Question

At what rate percent per annum, compound interest will Rs. 10000 amount to Rs. 13310 in three years ?

Answer 1

Given :-

• Principal  is  Rs. 10000  

• Amount is Rs. 13310  

• Time is three years

To Find :-

• The rate percent

Solution :-

~Here, we’re given the principal , amount and time for which the money is invested and we need to find the rate of interest on which it was compounded for the given time.

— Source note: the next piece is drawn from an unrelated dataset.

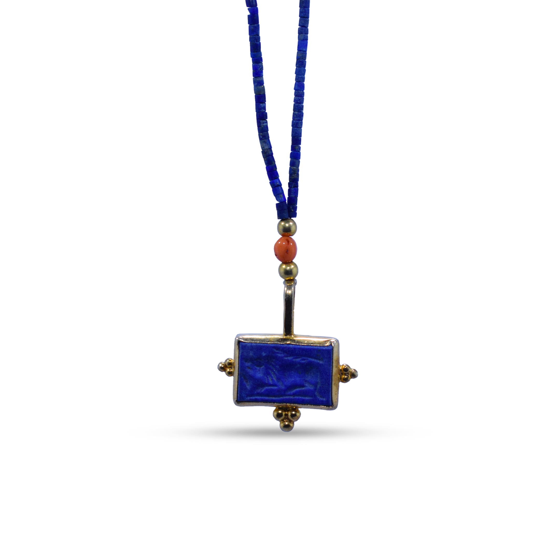 This unique necklace is made of a hand-engraved lapis lazuli stone featuring an emblem of a walking lion, along with antique coral and handmade silver pieces. The chain is made of hand-cut lapis lazuli.

We can easily find the rate of interest by putting the values in the formula of finding amount.

_____________

Here,  

• The principal  ( P ) is Rs. 10,000

• The rate percent is ( r ) which we need to find  

• The time ( n )  is 3 years  

• The amount ( A )  is Rs. 13310  

_____________

As we know that ,  

 $\boxed{\sf{ \maltese \;\; A = P \bigg\{ 1 + \dfrac{r}{100} \bigg\} }}$

Finding the rate percent :-  

$\sf \implies 13310 = 10000 \bigg\{ 1 + \dfrac{r}{100} \bigg\}^{3}$ 

$\sf \implies \dfrac{13310}{10000} = \bigg\{ 1 + \dfrac{r}{100} \bigg\}$  

$\sf \implies \bigg\{ \dfrac{11^{3}}{10^{3}} \bigg\} = \bigg\{ 1 + \dfrac{r}{100} \bigg\}$

$\sf \implies 1 + \dfrac{r}{100} = \dfrac{11}{10}$  

$\sf \implies \dfrac{r}{100} = \dfrac{11}{10} -1$ 

$\sf \implies \dfrac{r}{100} = \dfrac{1}{10}$  

$\sf \implies r = \dfrac{100}{10}$ 

$\boxed{\sf{ \star \;\; r = 10 \% }}$ 

Hence,  

• The rate percent is 10 % per annum.  

Answer 2

Given : Principal  is  Rs. 10000   , Amount is Rs. 13310  & Time is 3 years

Need To Find : The Rate of Interest .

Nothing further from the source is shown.